The British maestro on bringing his bucolic passion project, Sunset Song, to the big screen.
After a stop-start career, Terence Davies is suddenly speeding. When LWLies met the director to talk about Sunset Song, he revealed that his next film, A Quiet Passion, about the life of reclusive poet Emily Dickinson, is in the can and his subsequent project, adapted from the book ‘Mother of Sorrows’ by Richard McCann, is whirring away.
LWLies: Where did you get all the marvellous rain in Sunset Song?
Davies: We were based in Ballater, a town in the eastern part of the Cairngorms National park, due West of Aberdeen. It rains all the time but you can’t photograph ordinary rain. You have to supplement it. You’re sitting in this tent – all this bloody rain, all this mud and you just think, ‘This is not glamorous. I’m sorry. It’s not glamorous.’ You finish a very tender scene in the barn and a horse farts and it’s an opinion, you can tell. It was miserable physically. When we got to New Zealand, because we had to go somewhere where there was sunshine, they had the worst storms for 50 years. I thought, ‘Oh terrific. We’ve come to the other side of the world. We could have stayed home and got this for free.’ Luckily the weather broke and we had three and a half days of wonderful sunshine but there were times when you just thought, ‘Oh god, why on earth are we doing it?’
How long was the shoot?
I think it was six weeks. We had very little money and it proved a lot of difficulty. We all took a gamble. Without that crew and that cast we couldn’t have got a film. I miss everyone. I just miss everyone! When they do wonderful things that you haven’t thought of, that’s just bliss.

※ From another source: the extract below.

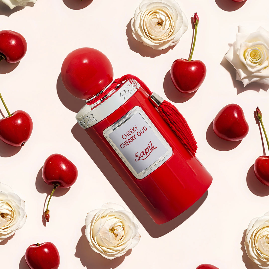Cheeky Cherry Oud is a bold and fruity fragrance that combines the bright sweetness of cherry with the deep, smoky allure of oud. The spicy top notes of cardamom and cinnamon add a daring edge, while the heart of rose and jasmine keeps it elegant. The leathery, oud-infused base gives the fragrance a sultry, lasting finish that is both daring and refined.

Are you thinking about anything in particular?
When Chris gets her bad news, I had just written, “It’s a lie,” and the rest of her dialogue. She just kept on repeating it. You don’t stop that because that’s fantastic! I wouldn’t have thought to keep on repeating it. The actors do a great deal of work on their own and when it’s right you just have to let it go. And it’s riveting. Agyness Deyn gives a quite remarkable performance. So does Kevin Guthrie. When he says, “You’re always snivelling!” it just erupts from nowhere. Peter Mullan brought a great deal of warmth to his character which I didn’t see. He’s got a very melodic voice so at first it’s lovely and warm, it’s tender and you think, ‘Oh, what a nice dad.’ But you get on the wrong side of him and he’s a brute.
What did you leave out of Lewis Grassic Gibbon’s source novel?
There was the business of the girl that Will goes to see but that led us down a narrative route that was distracting. If she’s just left as someone he goes to see [off-screen] and then he leaves, that’s the way a lot of things happen in real life. They happen out of the blue. There’s no preparation for them. The problem with some stories is they explain why this has happened. Life isn’t like that. I remember one of my brothers, now dead, coming and saying, ‘I’ve joined the army for 22 guinea.’ I just remember feeling so devastated. It just destroyed something inside me. That came out of the blue.
So we’re unprepared for life when it happens?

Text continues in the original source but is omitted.